Any loss of PheH activity can result in the accumulation of Phe and its neurotoxic metabolites, as well as in the depletion of tyrosine and methionine, the latter being needed for the formation of catecholamine neurotransmitters such as dopamine, as well as for protein synthesis. The outcome of such metabolic changes can often be neurological disease.
Several hundred different mutations in the PheH gene have been characterised over the entire length of the protein. Many of these have been recorded and annotated in the PheH (or PAH) database, http://www.pahdb.mcgill.ca/, which provides expression analysis data. These mutations result in a wide spectrum of phenotypes that range in severity from mild hyperphenylalaninaemia (HPA) (serum Phe levels of 400-600 mmol/L) with a low risk of impaired cognitive development, to phenylketonuria (PKU) (MIM:261600) characterised by high serum Phe levels (>1200 mmol/L), which if left untreated causes severe progressive mental retardation, epilepsy and microcephaly; these symptoms can largely be prevented by a Phe-restricted diet. In addition to mutations in PheH gene, about 2% of cases arise from mutations in the enzymes that synthesise the BH4 cofactor. HPA and PKU are autosomal recessive disorders, with an average incidence of 1/10,000 in Caucasian populations.

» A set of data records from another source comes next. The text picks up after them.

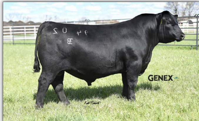
E & B Wildcat 9402 - Sire of Lot 10

• Ranks in the top 1% for WW; top 3% for YW; top 4% for CW; top 5% for $C; top 10% for MARB, $W and $B; top 15% for DOC and SM; top 20% for SC and HP.
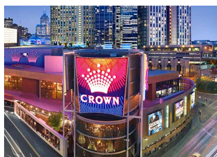
Melbourne Crown Casino

Winston Apartments is a 10-minute walk from Etihad Stadium and a 10-minute walk from Crown Casino Melbourne.
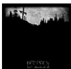
Ikuinen Kaamos The Forlorn

Most of the mutations in PheH are point (missense) mutations that most frequently result in protein misfolding. Misfolded monomers tend to associate through exposed hydrophobic surfaces to form aberrant oligomers that can irreversibly form large protein aggregates. Cells have a quality control system to remove mutant polypeptides so as to prevent the potentially damaging effects of protein aggregates, usually through ubiquitinylation. All forms of the mutant enzyme, including the misfolded polypeptide, aberrant oligomers and large protein aggregates, are subjected to an increased rate of proteolytic degradation, which reduces the intracellular levels of mutant PheH and consequently decreases Phe catabolism leading to HPA or PKU diseases.
A small number of missense mutations result in decreased enzyme affinity for either substrate or BH4 cofactor binding, or affect allosteric regulatory properties of the enzyme. For example, some PheH deficiencies are responsive to the oral administration of BH4 cofactor. BH4‑responsive PheH deficiencies all show residual catalytic activity, but have a reduced affinity for BH4 cofactor binding resulting from mutations in the catalytic domain. The administration of BH4 is thought to increase the binding of the cofactor, as well as to protect the mutant enzyme from misfolding and degradation by increasing protein stability, thereby acting as a chemical chaperone.
Other genes may be involved in the severity of the PKU phenotype. For instance, the enzyme monoamine oxidase type B (MOAB) can degrade phenylethylamine, a toxic Phe metabolite that can cause brain injury. It is thought that MOAB might be a modifier gene in PKU, because different levels of phenylethylamine have been found in PKU patients with similar levels of Phe.